What we did: Merging into C++17

This meeting was a major milestone in two ways.

First, we largely completed choosing the target set of features the committee felt were ready for C++17. Some had their specification wording adopted last week into the working draft for the C++ international standard (IS), and a few more are targeted to be adopted at our next meeting in June in Oulu, Finland, following which C++17 is intended to be sent out for its major international comment ballot.

Second, and perhaps even more importantly, we had the first merge of the new Technical Specification (TS) “beta feature branches” into the C++ international standard “trunk.” The committee considered five candidates, and adopted the first four as ready for C++17, with reports from implementers and users that the features were baked and unlikely to need future breaking design changes. The criteria for whether the committee thinks a given feature is ready to merge will vary by feature; this time, the committee ended up merging all the ones that had been completed and in beta testing for a year or more.

The four accepted branches merged into C++17 were:

• The Parallelism TS, a.k.a. “Parallel STL.” This includes parallelized versions of most STL algorithms, which get a new execution policy where you can opt into running them in parallel on multiple cores and/or on multiple vector lanes—hardware that is now ubiquitous in the mainstream, as most medium- and high-end smartphones are both multicore and have vector units built in. For example, C++17 now allows: for_each(std::par, first, last, [](auto& x){ process(x); });.
• The Library Fundamentals 1 TS (most parts), adding a new round of library components for C++17 including any, optional, string_view, shared_ptr for arrays, memory pools, search and sampling algorithms, and more. (An example of “more”: Have you ever wanted to pass a tuple that contains a function call’s argument list and expand it into the individual arguments?

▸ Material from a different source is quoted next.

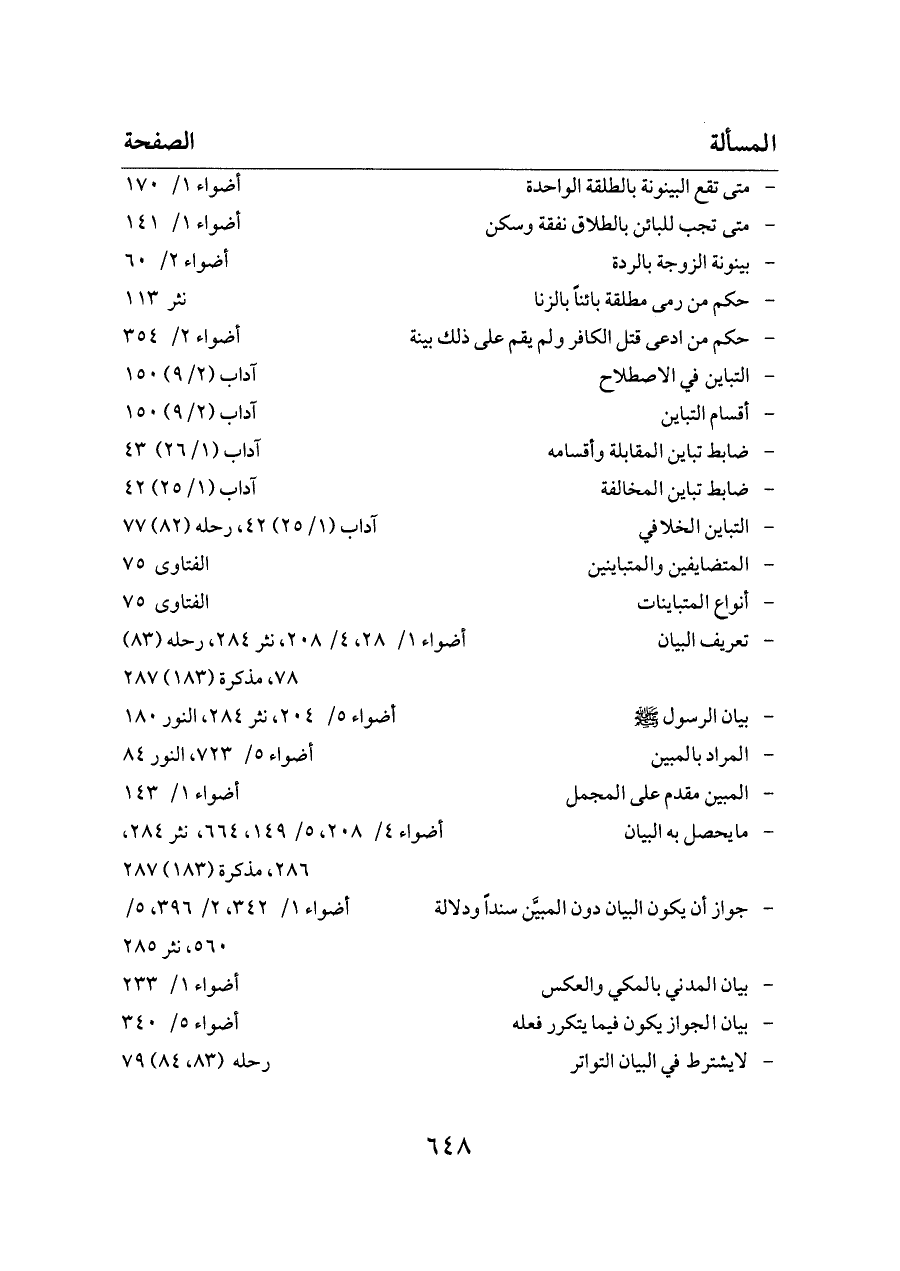- مايحصل به البيان ... أضواء ٤/ ٢٠٨، ٥/ ١٤٩، ٦٦٤، نثر ٢٨٤، ٢٨٦، مذكرة (١٨٣) ٢٨٧

Now you can, using built-in standard functionality.)
• The File System TS, which allows portable handling of files, paths, symbolic links, and more.
• The Mathematical Special Functions IS, which was originally part of the first Library TR back in the 2000s and has now finally gained approval to be added to the standard for C++17.

We also voted the following other features directly into C++17 without going through a TS beta first:

• Lambdas are now allowed inside constexpr functions.
• Lambdas can now capture a copy of *this object by value, using the notation [*this]. It also works in combination with default capture, so [=, *this] is also allowed.
• The range-for loop can now deal with generalized ranges where the “end” type is different from the “begin” type, such as sentinel-based and counted ranges, which will work well with the Ranges TS work.
• The [[fallthrough]] attribute lets you designate that you are intentionally letting a switch’s case block fall through to the next block without a break.
• The [[nodiscard]] attribute lets you annotate a return value to say that it should not be ignored by the caller, or annotate a type to apply to all uses of that type as a returned value. Canonical examples include the return value of std::async where ignoring the return value would mean being not async at all, and the return value of a container’s empty() function where people sometimes confuse empty() and clear() and we don’t want them to think calling empty() has side effects if they call it by mistake.
• The [[maybe_unused]] attribute lets you annotate an intentionally unused variable or parameter.
• Various other minor improvements and fixes.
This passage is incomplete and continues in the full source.